Small business owners are regularly dipping into their own pockets to fund their business, new research has revealed.
Scottish Pacific’s latest SME Growth Index found that 65.4 per cent of SME owners surveyed have had to resort to personal finances to support business growth.
Seventeen per cent said they regularly draw on personal finances, 48.4 per cent said they do so occasionally, while just 10 per cent of SME owners said they have never settled business expenses using non-business funding sources.
Scottish Pacific CEO Peter Langham said the findings pose significant concerns and highlight a need for SMEs to seek better funding options.
“Personal finance may appeal from a convenience, speed and accessibility perspective – the downside is that higher-than-necessary funding costs cut directly into margin, and personal financing can impact on lifestyle and leave owners open to family conflict, which can destabilise the business,” Mr Langham said.

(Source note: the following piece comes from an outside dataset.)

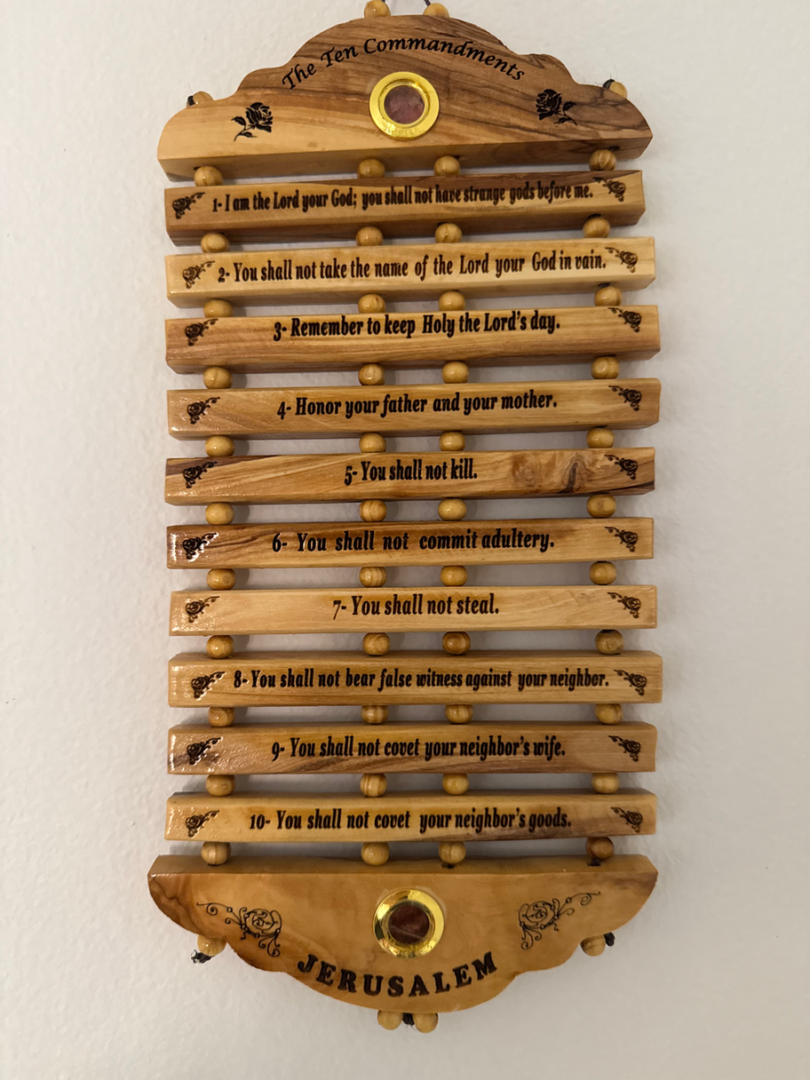 •Handcrafted Ten Commandments Wall Hanging made from genuine olive wood from the Holy Land.
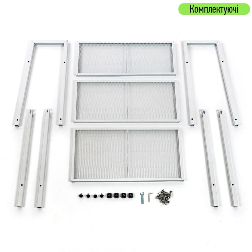 3 полки разной ширины – по 1 шт каждого размера; пластиковые заглушки с резьбой – 4 шт; пластиковые ножки (круглые) – 4шт; метизы - 12 комплектов (болт и гайка); шестигранник для болтов – 1 шт; ключ рожковый – 1 шт; U-образные или Г-образные профили – 2 шт; Прямые вставные профили; Материалы:

“I’d strongly encourage SMEs, whether product or service-orientated businesses, to seek smarter funding options. Look beyond the banks as this is an active, innovative space trying to offer a better alternative.”
The report also found that 67.9 per cent of SMEs surveyed are more willing to pay higher rates to obtain finance, if it means they don’t have to provide real estate security.
“This reflects a growing awareness amongst SME owners that putting the house on the line is no longer a given and suggests openness to alternative, innovative funding solutions such as trade and debtor finance,” Mr Langham added.
In the past year, there has been a 20.6 per cent increase in non-bank lending demand, according to the report.